Up the canon came the sudden pop--pop--pop of exploding rifles. Drifted up yells and whoops. The Indians hidden in the rock slide began to appear, dodging swiftly down toward the trees. Jack let out the "Hi-yi-yi" of the line-rider and stepped out from the boulders to get a better shot. The naked Apaches, leaping like jack-rabbits, scurried for cover. Their retreat was cut off from the right, and they raced up the gorge to escape the galloping cowboys who swung round the bend. One of the red men, struck just as he was sliding from a flat rock, whirled, plunged down headfirst like a diver, and disappeared in the brush.

Jack waited to see no more. He turned and walked back into the cave where his incomparable sweetheart was standing with her little fingers clasped tightly together.

"It's all over. The 'Paches are on the run," he told her.

She drew a deep, long breath and trembled into his arms.

There Clint Wadley found her five minutes later. The cattleman brushed the young fellow aside and surrounded his little girl with rough tenderness. Jack waited to see no more, but joined Dinsmore outside.

After a long time Wadley, his arm still around Ramona, joined them on the ledge.

"Boys, I'm no hand at talkin'," he said huskily. "I owe both of you a damned sight more than I can ever pay. I'll talk with you later, Jack. What about you, Dinsmore? You're in one hell of a fix. I'll get you out of it or go broke."

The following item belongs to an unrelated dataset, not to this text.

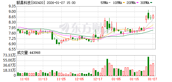截至1月27日收盘,毅昌科技涨2.1%,报8.75元/股,总市值为36亿元。
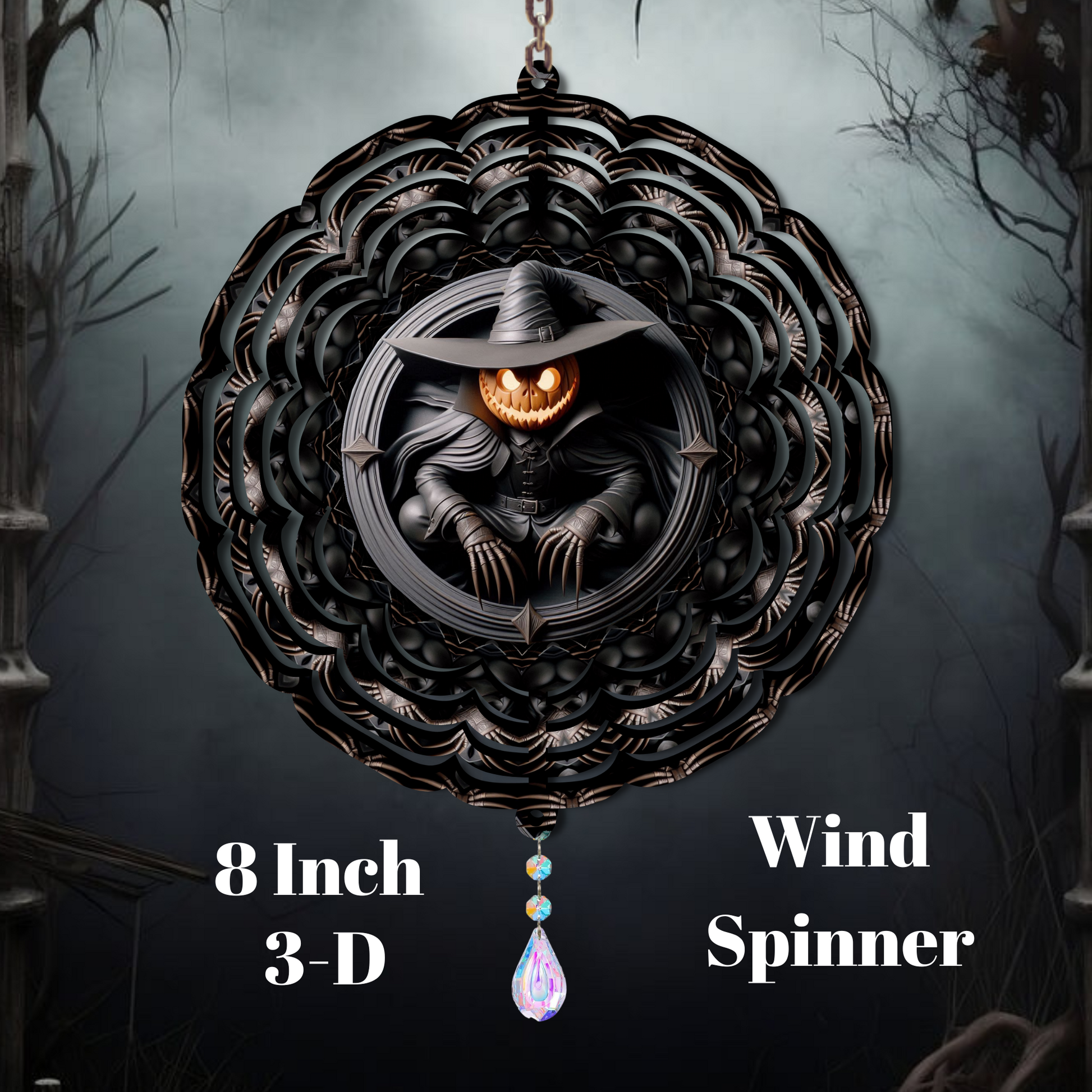 Bring a touch of spooky magic to your outdoor décor with our Haunted Harvest Pumpkin Wizard Wind Spinner. This 8-inch 3D spinner features a menacing pumpkin-headed sorcerer cloaked in shadows, perfectly designed to capture the spirit of Halloween. The intricate layered metal design creates a mesmerizing effect as it spins in the breeze, while the dangling crystal accent reflects light for an enchanting finish. Whether you hang it on your porch, in your garden, or indoors as a festive centerpiece, this wind spinner makes the perfect decoration for Halloween lovers, gothic décor fans, or anyone who enjoys unique seasonal art. Durable, lightweight, and hauntingly beautiful—it’s a must-have piece for your spooky collection!

"What fix am I in?" demanded the outlaw boldly. "They ain't got a thing on me--not a thing. Suspicions aren't proof."

The Ranger said nothing. He knew that the evidence he could give would hang Dinsmore before any Panhandle jury, and now his heart was wholly on the side of the ruffian who had saved the life of his sweetheart. None the less, it was his duty to take the man in charge and he meant to do it.

"Hope you can make yore side of the case stick, Dinsmore. I sure hope so. Anyway, from now on I'm with you at every turn of the road," the cattleman promised.

"Much obliged," answered the outlaw with a lift of his lip that might have been either a smile or a sneer.

"You've been trailin' with a bad outfit. You're a sure-enough wolf, I've heard tell. But you're a man all the way, by gad."

"Did you figure I was yellow like Steve, Clint? Mebbe I'm a bad _hombre_ all right. But you've known me twenty years. What license have you ever had to think I'd leave a kid like her for the 'Paches to play with?" The hard eyes of the outlaw challenged a refutation of his claim.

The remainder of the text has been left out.